### Data below
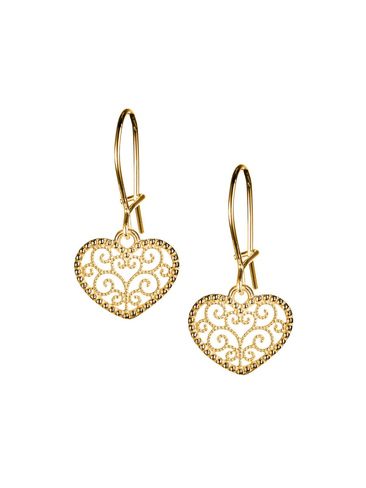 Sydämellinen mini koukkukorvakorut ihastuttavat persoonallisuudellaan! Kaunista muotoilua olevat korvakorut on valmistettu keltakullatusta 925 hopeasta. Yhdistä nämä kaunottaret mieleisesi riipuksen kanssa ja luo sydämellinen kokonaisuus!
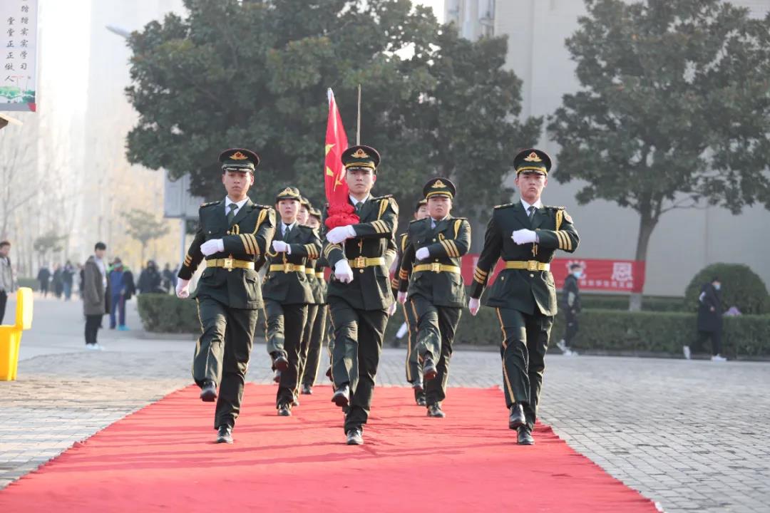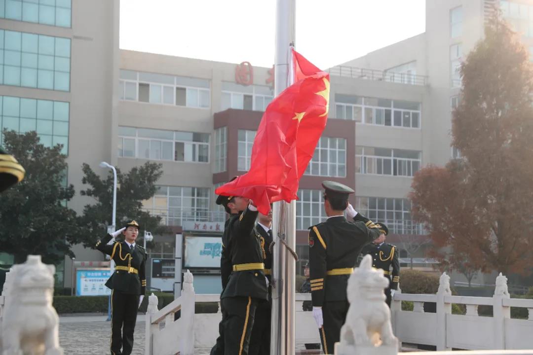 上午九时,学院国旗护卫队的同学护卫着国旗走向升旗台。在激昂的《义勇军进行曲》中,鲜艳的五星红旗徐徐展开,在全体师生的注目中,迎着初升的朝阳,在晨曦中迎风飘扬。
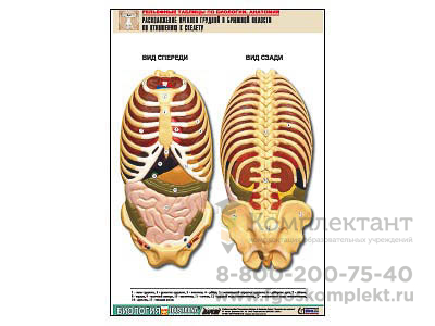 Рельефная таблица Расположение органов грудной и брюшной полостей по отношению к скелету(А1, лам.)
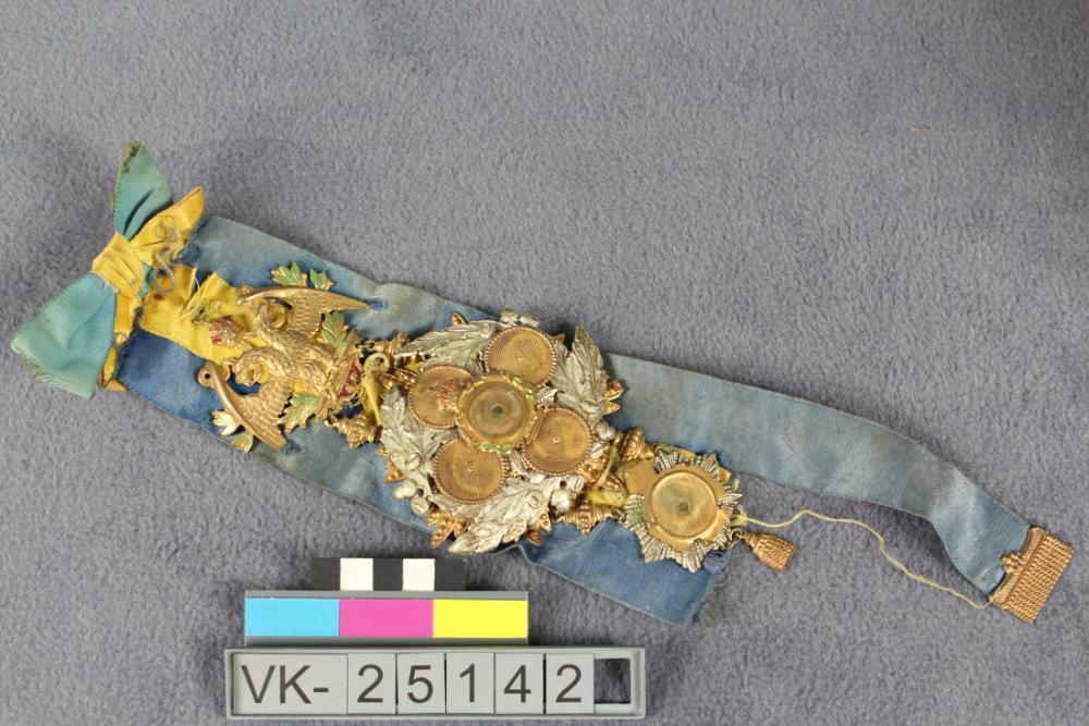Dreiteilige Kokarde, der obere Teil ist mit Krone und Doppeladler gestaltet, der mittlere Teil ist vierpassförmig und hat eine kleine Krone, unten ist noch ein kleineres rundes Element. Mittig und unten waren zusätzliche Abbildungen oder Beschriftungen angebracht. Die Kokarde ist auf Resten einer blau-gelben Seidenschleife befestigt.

### Task objective
Repeat the line that contains "Рельефная таблица Расположение" and each line after it, through the last line of the listing, exactly and alone; pictures stay out of the repeat.

### Solution for this task
 Рельефная таблица Расположение органов грудной и брюшной полостей по отношению к скелету(А1, лам.)
Dreiteilige Kokarde, der obere Teil ist mit Krone und Doppeladler gestaltet, der mittlere Teil ist vierpassförmig und hat eine kleine Krone, unten ist noch ein kleineres rundes Element. Mittig und unten waren zusätzliche Abbildungen oder Beschriftungen angebracht. Die Kokarde ist auf Resten einer blau-gelben Seidenschleife befestigt.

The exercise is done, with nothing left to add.